Navigating the Challenge of Withdrawing from Japan’s Loose Monetary Policy
Navigating the Challenge of Withdrawing from Japan’s Loose Monetary Policy
Japan’s new central bank governor, Ueda Kazuo, is facing a precarious situation as he prepares to take over the reins of the world’s third-largest economy in April. With the market indicating an end to Abenomics’ ultra-easy monetary policy, any errors by the surprise appointee may spark an unfavorable financial reaction. After almost a decade in office, appointing a suitable replacement for the Bank of Japan’s longest-serving governor, 78-year-old Kuroda Haruhiko, was never going to be a simple task for the Kishida administration. Market watchers expected Deputy Governor Amamiya Masayoshi as the government candidate, with other potential choices being former deputy governors Nakaso Hiroshi and Yamaguchi Hirohide. However, news that 71-year-old Ueda, an academic economist, and dean of the business studies department at Kyoritsu Women’s University, won the race shocked financial markets with the Japanese yen surging in value against the US dollar Japanese government bond yields also rose as traders analyzed the news.
BOJ governors usually come from the ranks of former Ministry of Finance bureaucrats or long-serving BOJ officials. Yet, Ueda is not a complete newcomer to the central bank, having served on the BOJ’s nine-person policy board from 1998 to 2005. The appointment of Ueda’s deputies as former Financial Services Agency chief Himino Ryozo and BOJ executive Uchida Shinichi replaces Amamiya and Wakatabe Masazumi. Meanwhile, economist Okina Yuri, an outside contender, missed out. Unlike its counterparts in Europe and the United States, the BOJ has never had a female governor or deputy.
According to Nikko Asset Management’s chief global strategist, John Vail, Ueda’s appointment constitutes “a large change in tradition, as normally BOJ professionals alternate with MOF ones as governor, but not in terms of continuity.” He also highlighted that “not only does Mr. Ueda have strongly dovish perspectives, but the deputy governor for monetary affairs, Mr. Uchida, was the chief designer of YCC [yield curve control] and the negative interest policies,” Vail pointed out. “So, policy should not change too much in short to intermediate term.”
The BOJ’s YCC policy aims to maintain the yield on 10-year Japanese government bonds within 0.5 percentage points of zero while keeping short-term rates negative. However, the BOJ has been forced to escalate bond buying to defend its policy cap, attracting criticism for distorting market pricing and crushing banks’ margins.
Like other central bank governors globally, Ueda’s first challenge will be rebuilding confidence in the bank’s ability to control inflation. BOJ policymakers have frequently emphasized the need to maintain the ultra-loose policy until consumer prices consistently reach the bank’s 2% target. This pledge formed part of Kuroda’s 2013 “accord” with former Prime Minister Abe Shinzo. Yet, in January, nationwide core consumer prices rose to a 41-year high, increasing by 4.2% from a year earlier, while wholesale prices jumped by 9.5%.
Related Facts:
– In 2019, Japan’s GDP contracted by 4.8%, its worst decline in five years, which hit the economy even before the coronavirus pandemic.
– Kuroda’s Abenomics policies, named after ex-Prime Minister Shinzo Abe, underscore the BOJ’s monetary policy during the past eight years, characterized by record-low interest rates and massive asset purchases.

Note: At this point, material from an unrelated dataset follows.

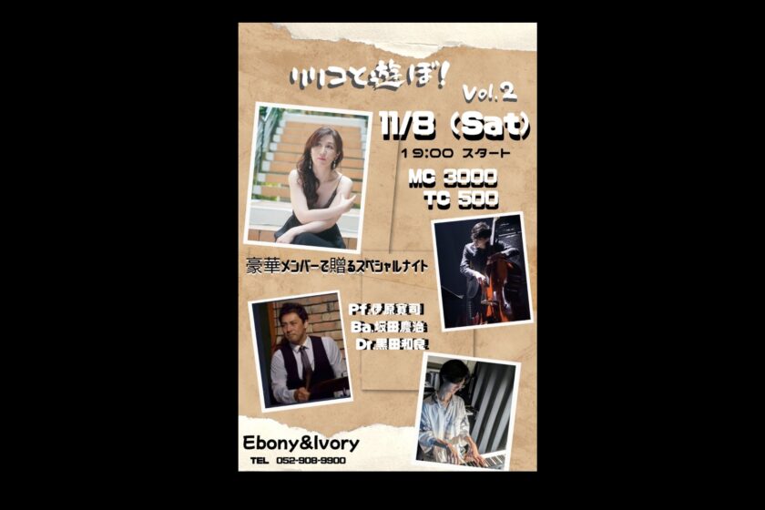 リリコとあそぼ その2 11月 8 Sat 2025 SpecialEvent Vo.リリコ Pf.伊原寛司 Ba.坂田慶治 Dr.黒田和良 Open18:00 Start19:00 MC3000円 TC500円 前のスケジュール 次のスケジュール

– As the first academic to head the BOJ in half a century, Ueda is expected to stick to his research-based approach to monetary policy, emphasizing the promotion of fiscal and monetary coordination.
Key Takeaway:
Japan’s newly appointed central bank governor, Ueda Kazuo, faces the tricky task of taking over the reins of the world’s third-largest economy in April as the market signals an end to Abenomics’ ultra-easy monetary policy. Any mistakes by the surprise appointee could trigger an unfavorable financial reaction. Although Ueda’s appointment constitutes a significant shift in tradition, market experts believe that policy should not change too much in short to intermediate term. However, the BOJ’s YCC policy has been criticized for distorting market pricing and crushing banks’ margins. Therefore, Japan’s new central bank governor’s first challenge will be restoring confidence in the bank’s capacity to control inflation in the economy.
Conclusion:
Japan’s newly nominated central bank governor, Ueda Kazuo, is preparing to take up the reins of the world’s third-largest economy. Although his appointment has caused a massive shift in tradition, market watchers believe the policy should not change too drastically in the short term. Instead, inflation control will be one of its top priorities as it seeks to administer a monetary policy that successfully navigates the country through the financial turbulence caused by the pandemic.